Segment Open

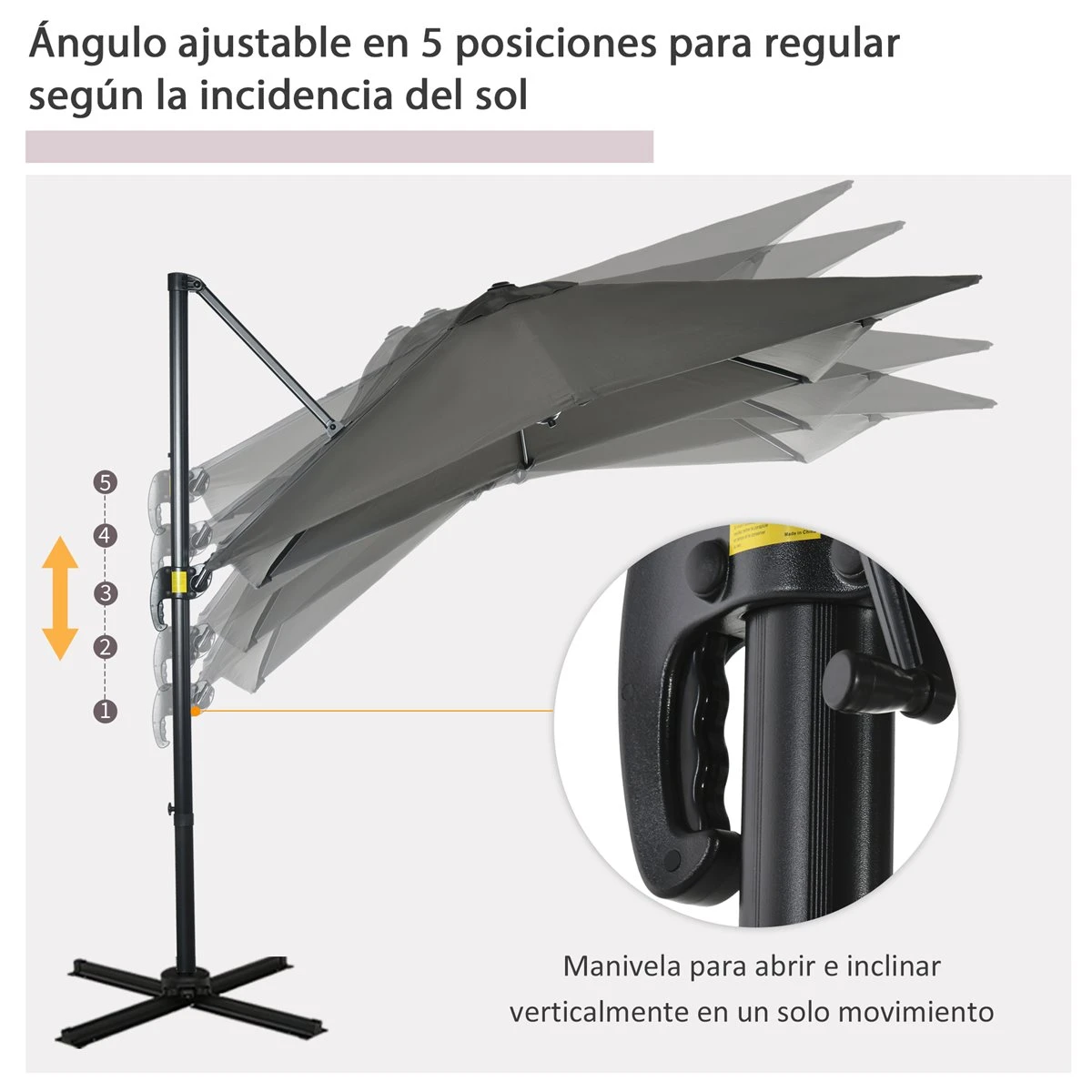 Si buscas una sombrilla con soporte excéntrico, esta de Outsunny te gustará. Con estructura de metal y aluminio con 8 varillas, tiene un toldo que ofrece gran protección y se abre y cierra con manivela. Su techo, con ventilación, permiten que el viento y el aire fluyan más fácilmente. Pero lo mejor de todo es que es ajustable en ángulo, y cuenta con una base cruzada con soporte giratorio, que permite girarla hasta 360º para que puedas mover su orientación sin tener que cambiarla de lugar. Características – Sombrilla de grandes dimensiones para una mayor cobertura y protección solar – Sombrilla con poste lateral, también conocida como parasol excéntrico o sombrilla Cantilever – El tejido del toldo con ventilación permite que el viento y el aire cálido fluyan más fácilmente – Apertura fácil y rápida mediante manivela lateral – Poste de aluminio con 8 varillas de conexión para mayor resistencia y estabilidad – Mástil giratorio de 360 ° para orientar el toldo en cualquier dirección sin tener que mover la base – Con techo basculante con ángulo ajustable de 5 posiciones – Apta para usar en espacios exteriores al aire libre como jardín, terraza, patio, etc. – Incluye base cruzada, pero requiere pesos adicionales (no incluidos – Se requiere montaje Especificaciones – Color: gris – Material: aluminio, metal, tejido de poliéster (200 g/m² y policarbonato (PC – Medidas totales: 245x245x245 cm (LxANxAL – Medidas de la base cruzada: 100x100x4 cm (LxANxAL – Longitud de las varillas: 174 y 125 cm (largas, 63 y 61 cm (cortas – Especificaciones de las varillas: 22x13x0,5 mm (LxANxAL – Referencia: 84D-051V00GY
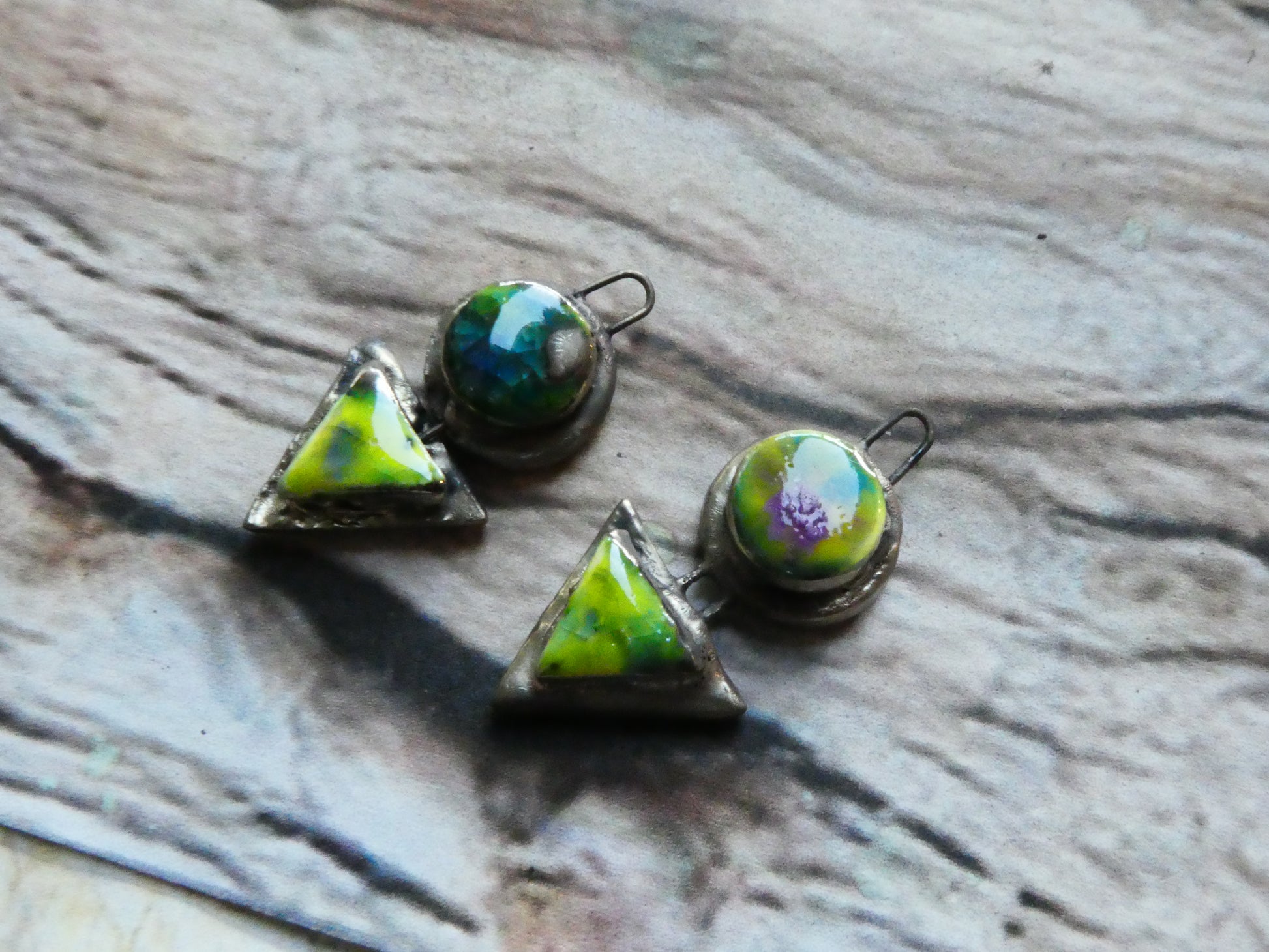Ceramic Moulded Disc and Triangle Charms -Mardi Gras
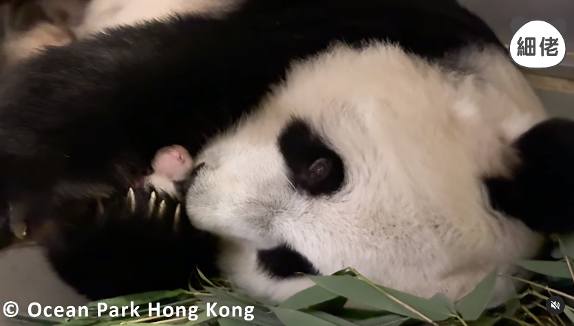 海洋公園今晚(11日)於社交平台發布一對大熊貓龍鳳胎的最新影片,見到盈盈躺在地上,單手抱着細佬,不時舔其「面珠」,場面十分溫馨。
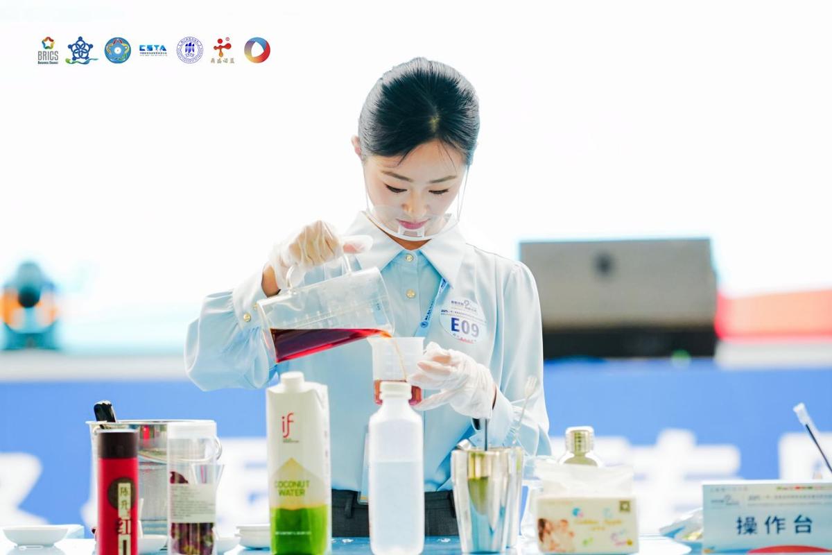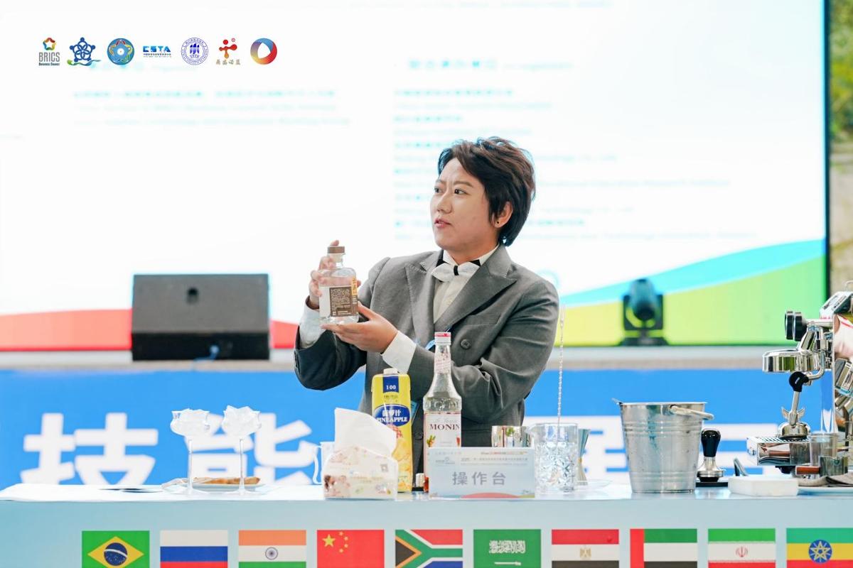 本次大赛由金砖国家工商理事会中方理事会、一带一路暨金砖国家技能发展国际联盟等单位主办,以“未来技能・创造未来”为主题,聚焦现代饮品行业创新设计、制作技艺与服务能力的综合比拼。赛事设置学生赛(中职组、高职本科及国际留学生组)和教师组,吸引了全国各地多所院校的师生团队同台竞技。作为面向饮品行业前沿的高水平赛事,赛项要求参赛团队在新式茶饮、时尚调饮、微醺酒饮、创意咖啡四类饮品中任选二类,完成从设计方案撰写到现场制作展示的全流程比拼,既考验专业技能,更注重创新思维与文化融合能力。
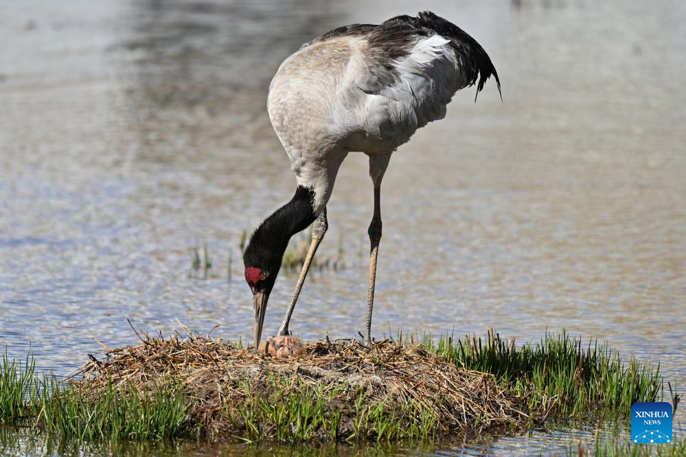 A black-necked crane checks its baby at a wetland in Xainza County of Nagqu City, southwest China's Xizang Autonomous Region, June 4, 2025. As an important part of the world's ecosystem, wetland plays a huge role in many aspects including ecology, environment, economy and society.(Xinhua/Sun Ruibo)
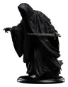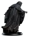 Statue eines Ringgeistes eine der schaurigsten Episoden aus „Die Gefährten“: den stillen Angriff im Gasthaus „Zum Tänzelnden Pony“. Unsere Künstler verleihen dieser kompakten Form eine außergewöhnliche erzählerische Klarheit. Der fließende, unnatürliche Faltenwurf des Mantels suggeriert Bewegung ohne Wind; die Haltung ist zwischen Heimlichkeit und Gewalt ausbalanciert. Feine texturale Details an Rüstung, Wickeln und verwitterter Klinge belohnen eine genaue Betrachtung, während die längliche Silhouette und die zurückhaltende Komposition die unmenschliche Bedrohung des Ringgeistes bewahren. Dieses Sammlerstück passt nahtlos zu anderen Ringgeist-Stücken, verankert Dioramen, die den Mächten des Bösen gewidmet sind, oder steht allein als Symbol der Neun auf dem Höhepunkt ihres Schreckens.
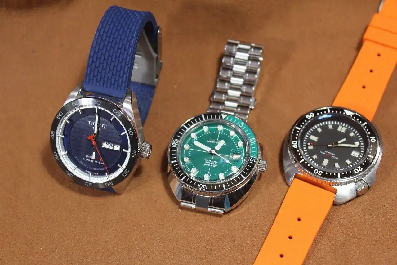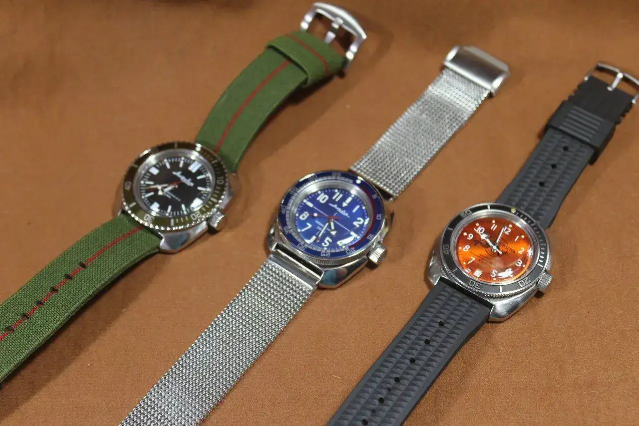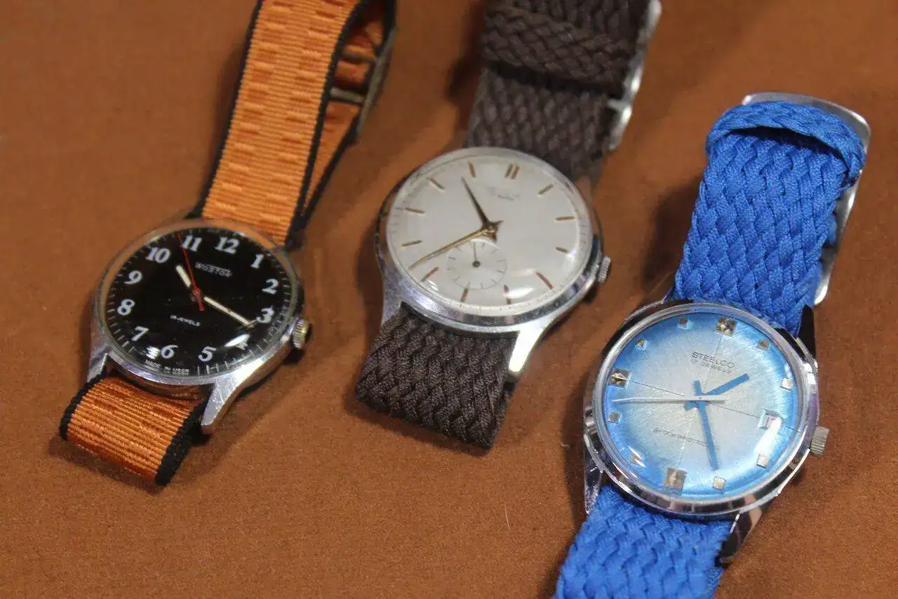 Abren el desfile, un Enicar de remonte manual, un Raketa "doce rojo", y un Steelco tambien de remonte manual.
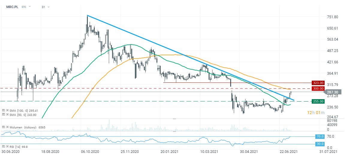 Mercator Medical (MRC.PL), interwał D1, skala logarytmiczna. Źródło: xStation5
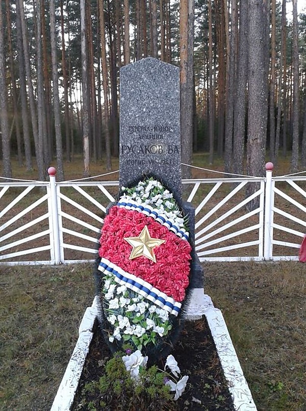 В 1943 году на могиле был установлен памятник[1]. В 1970 году в рамках создания в районном центре централизованного воинского захоронения останки генерал-майора Русакова были перенесены на воинский мемориальный комплекс в городе Пестово[2].
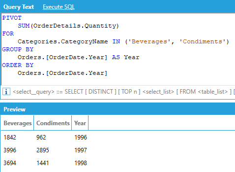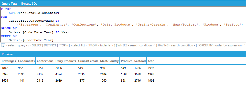 For example, assume that we want to display the total of the quantities ordered for each product category per calendar year, where the categories are columns in the output:
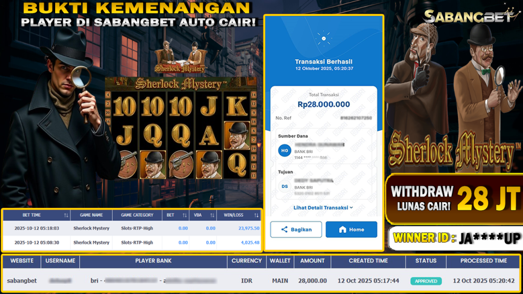 BUKTI KEMENANGAN 12 OKTOBER 2025 DI GAME SHERLOCK MYSTERY WD 28 JUTA
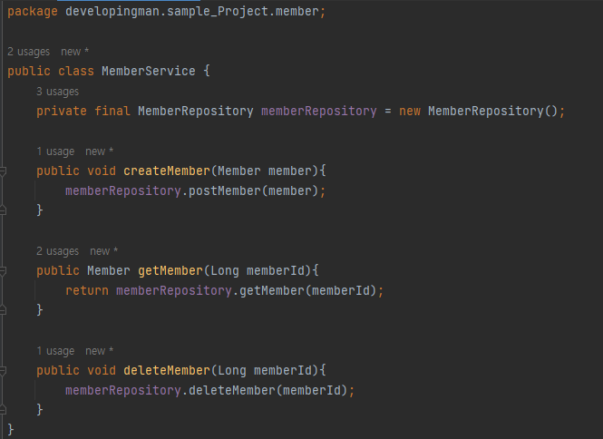 클래스에 구현된 세 메서드는 전부 MemberRepository 클래스로 구현한 객체를 통해 메서드를 사용하고 있습니다.
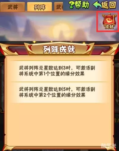 之前少年们一直吐槽的副将位没有缘分加成的问题,在列阵这里完美解决啦~当少年的列阵星级满足3星or5星时,可以激活对应的列阵成就——增加副将位的缘分效果!
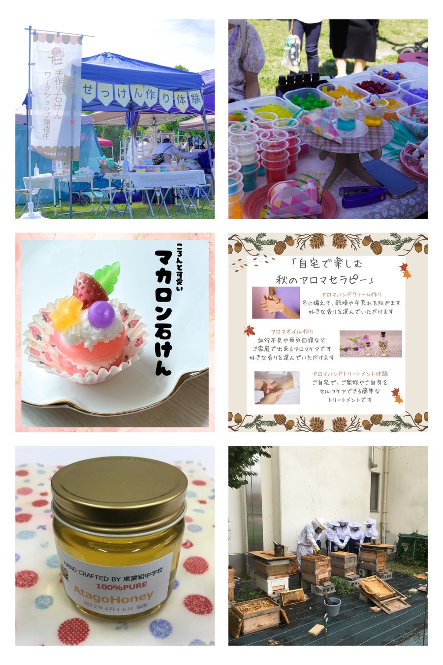 販売品目:グリセリンソープを用いた、固形石けん作り体験です。コロナ禍より手洗い促進運動として、お子様が自分で石けんを作り使いたくなワークショップを提供しています。

Segment Closed

WORK ORDER – To answer, repeat exactly the lines from the line containing "之前少年们一直吐槽的副将位没" through the last line of the data above, leaving out all pictures.

SOLUTION FOR THIS EXERCISE –
 之前少年们一直吐槽的副将位没有缘分加成的问题,在列阵这里完美解决啦~当少年的列阵星级满足3星or5星时,可以激活对应的列阵成就——增加副将位的缘分效果!
 販売品目:グリセリンソープを用いた、固形石けん作り体験です。コロナ禍より手洗い促進運動として、お子様が自分で石けんを作り使いたくなワークショップを提供しています。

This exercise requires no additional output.